7Institute for Medical Genetics and Human Genetics, Charité-Universitätsmedizin Berlin, Berlin, Germany

8Library; and Department of Medical Informatics and Epidemiology, Oregon Health & Science University, Portland, Oregon, United States of America

Corresponding Author:

Damian Smedley

Wellcome Trust Sanger Institute,

Hinxton, Cambridge, CB10 1SA, UK,

Telephone: +44 (0)1223 834244

Fax: +44 (0)1223 494919

.

MATERIALS AND METHODS

Exome sequencing

Genomic DNA was extracted from whole blood using the Gentra Puregene Blood kit (Qiagen, Valencia, CA). Patient exome data were aligned using one of two methods. Sequence reads were aligned to a human reference sequence (UCSC assembly hg19/NCBI build 37) using Novoalign, and genotypes were called using the Most Probable Genotype algorithm 1. Alternatively, sequence reads were aligned and genotyped using the UDP’s DiploidAlign pipeline.
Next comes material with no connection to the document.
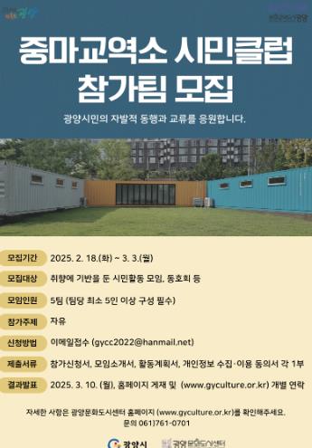 박시훈 광양문화도시센터장은 “광양에는 소규모 문화예술 모임을 원하는 시민들이 많다. 이들의 활동을 응원하고 교류 기회를 제공하는 것은 문화도시의 기반을 다지는 중요한 과정이라 생각한다”며 “광양문화도시센터 사업 중 시민들의 호응과 만족도가 가장 높은 프로그램 중 하나인 ‘중마교역소 시민클럽’에 많은 관심과 참여를 부탁드린다”고 말했다.

Briefly, BEAGLE software version 3 (RRID:nlx_154238) was used to generate a phased and imputed Variant Call Format (VCF) file from SNP chip data of the parents and offspring and 1000 Genomes HapMap data 2. The VCF file was then used by vcf2diploid version 0.2.3 to modify the human reference and create a maternal reference and a paternal reference, which are concatenated together to generate a parental reference 3. Patient short reads were aligned with Novoalign version 2.08.03 ( to each of the three reference sequences and were lifted back over to the standard human reference using custom Java code. Bam files were recalibrated and genotyped by HaplotypeCaller according to GATK Best Practices using GATK v2.5-2 ( 4. Variants in the VCF files were annotated relative to RefSeq transcripts using ANNOVAR 5.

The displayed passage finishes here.